I've read a lot about unordered_map (c++11) time-complexity here at stackoverflow, but I haven't found the answer for my question.

Let's assume indexing by integer (just for example):

Insert/at functions work constantly (in average time), so this example would take O(1)

std::unordered_map<int, int> mymap = {
            { 1, 1},
            { 100, 2},
            { 100000, 3 }
};

What I am curious about is how long does it take to iterate through all (unsorted) values stored in map - e.g.

for ( auto it = mymap.begin(); it != mymap.end(); ++it ) { ... }

Can I assume that each stored value is accessed only once (or twice or constant-times)? That would imply that iterate through all values is in N-valued map O(N). The other possibility is that my example with keys {1,10,100000} could take up to 1000000 iteration (if represented by array)

Is there any other container, that can be iterated linearly and value accessed by given key constantly?

What I would really need is (pseudocode)

myStructure.add(key, value) // O(1)
value = myStructure.at(key) // O(1)
for (auto key : mySructure) {...} // O(1) for each key/value pair = O(N) for N values

Is std::unordered_map the structure I need?
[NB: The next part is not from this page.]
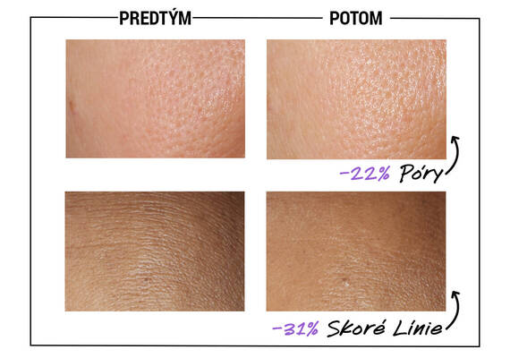 - Až o -22 % menej pórov pre viditeľnú redukciu nerovnomernej textúry.

Integer indexing is sufficient, average complexity as well.

Answer 1

Regardless of how they're implemented, standard containers provide iterators that meet the iterator requirements. Incrementing an iterator is required to be constant time, so iterating through all the elements of any standard container is O(N).

Answer 2

The complexity guarantees of all standard containers are specified in the C++ Standard.

std::unordered_map element access and element insertion is required to be of complexity O(1) on average and O(N) worst case (cf. Sections 23.5.4.3 and 23.5.4.4; pages 797-798).

A specific implementation (that is, a specific vendor's implementation of the Standard Library) can choose whatever data structure they want. However, to be compliant with the Standard, their complexity must be at least as specified.

Answer 3

There's a few different ways that a hash table can be implemented, and I suggest you read more on those if you're interested, but the main two are through chaining and open addressing.

In the first case you have an array of linked lists. Each entry in the array could be empty, each item in the hashtable will be in some bucket. So iteration is walking down the array, and walking down each non-empty list in it. Clearly O(N), but could potentially be very memory inefficient depending on how the linked lists themselves are allocated.

In the second case, you just have one very large array which will have lots of empty slots. Here, iteration is again clearly linear, but could be inefficient if the table is mostly empty (which is should be for lookup purposes) because the elements that are actually present will be in different cache lines.

Either way, you're going to have linear iteration and you're going to be touching every element exactly once. Note that this is true of std::map also, iteration will be linear there as well. But in the case of the maps, iteration will definitely be far less efficient that iterating a vector, so keep that in mind. If your use-case involves requiring BOTH fast lookup and fast iteration, if you insert all your elements up front and never erase, it could be much better to actually have both the map and the vector. Take the extra space for the added performance.